▶ Data to use:
+++++
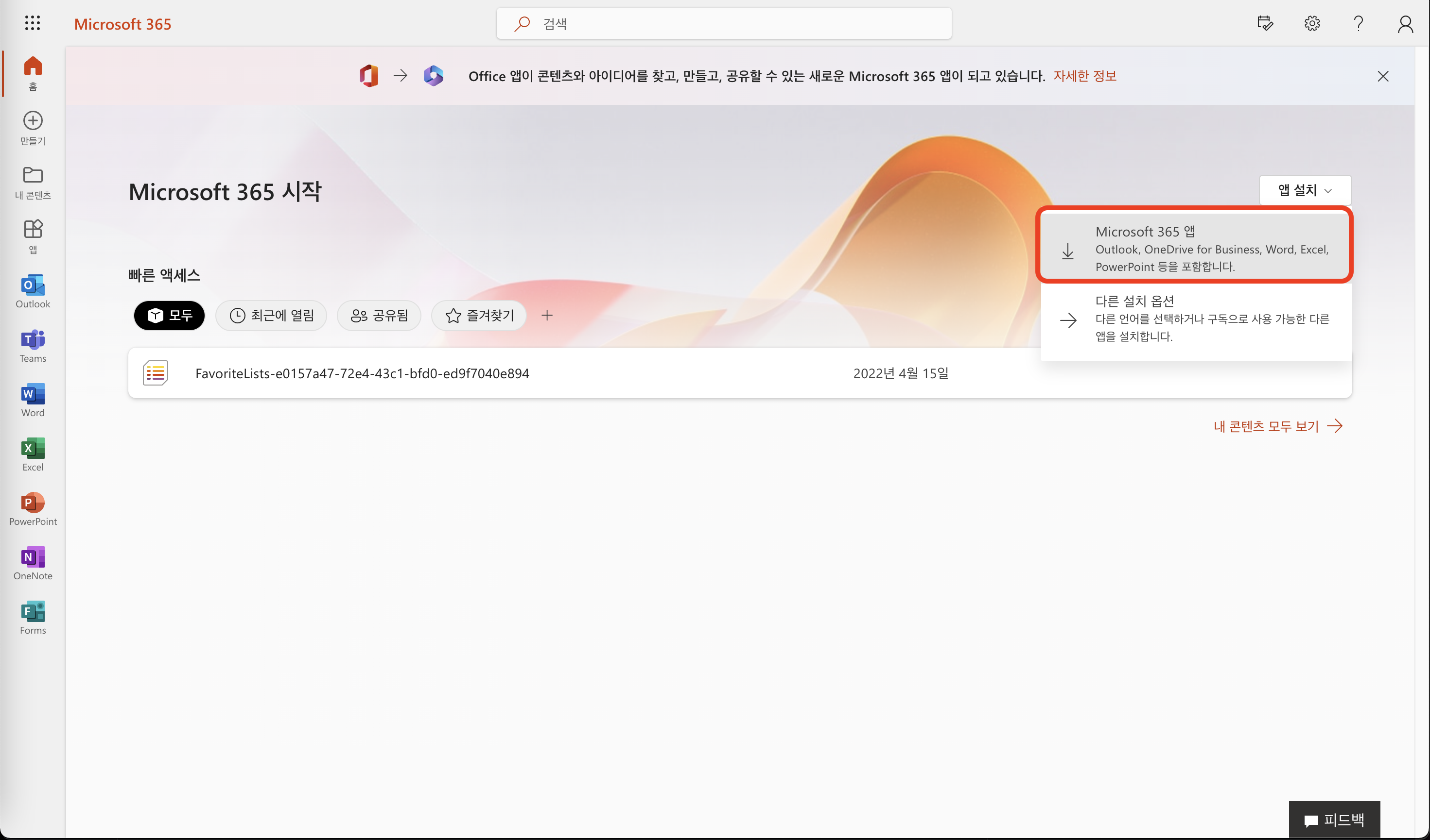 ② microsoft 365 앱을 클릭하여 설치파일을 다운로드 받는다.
+++++
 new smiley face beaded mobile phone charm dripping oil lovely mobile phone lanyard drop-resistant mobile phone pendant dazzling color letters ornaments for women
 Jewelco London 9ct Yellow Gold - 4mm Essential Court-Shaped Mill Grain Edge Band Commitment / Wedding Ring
+++++
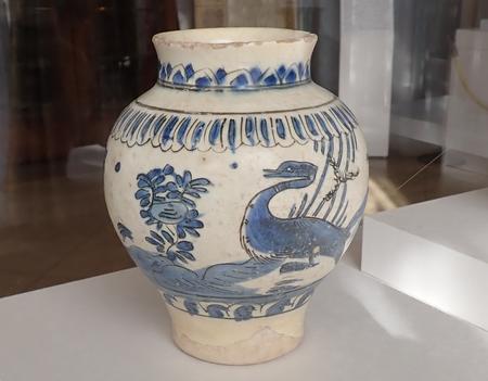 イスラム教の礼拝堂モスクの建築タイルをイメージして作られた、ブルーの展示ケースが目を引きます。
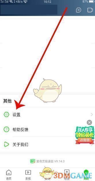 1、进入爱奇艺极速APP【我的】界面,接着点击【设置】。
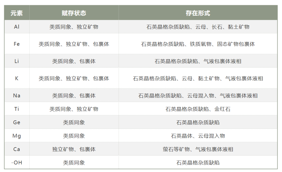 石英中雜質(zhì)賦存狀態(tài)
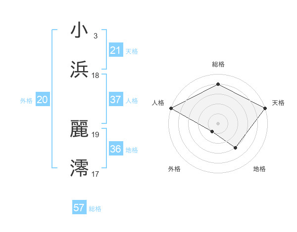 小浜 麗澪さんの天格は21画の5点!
+++++
▶ What you will do:
Could you write out exactly the lines of the data above that run from the one holding "1、进入爱奇艺极速APP【我的】界面,接着点击【设置】。" to the one holding "小浜 麗澪さんの天格は21画の5点!", with both ends in and all pictures out?

▶ Exercise output:
 1、进入爱奇艺极速APP【我的】界面,接着点击【设置】。
 石英中雜質(zhì)賦存狀態(tài)
 小浜 麗澪さんの天格は21画の5点!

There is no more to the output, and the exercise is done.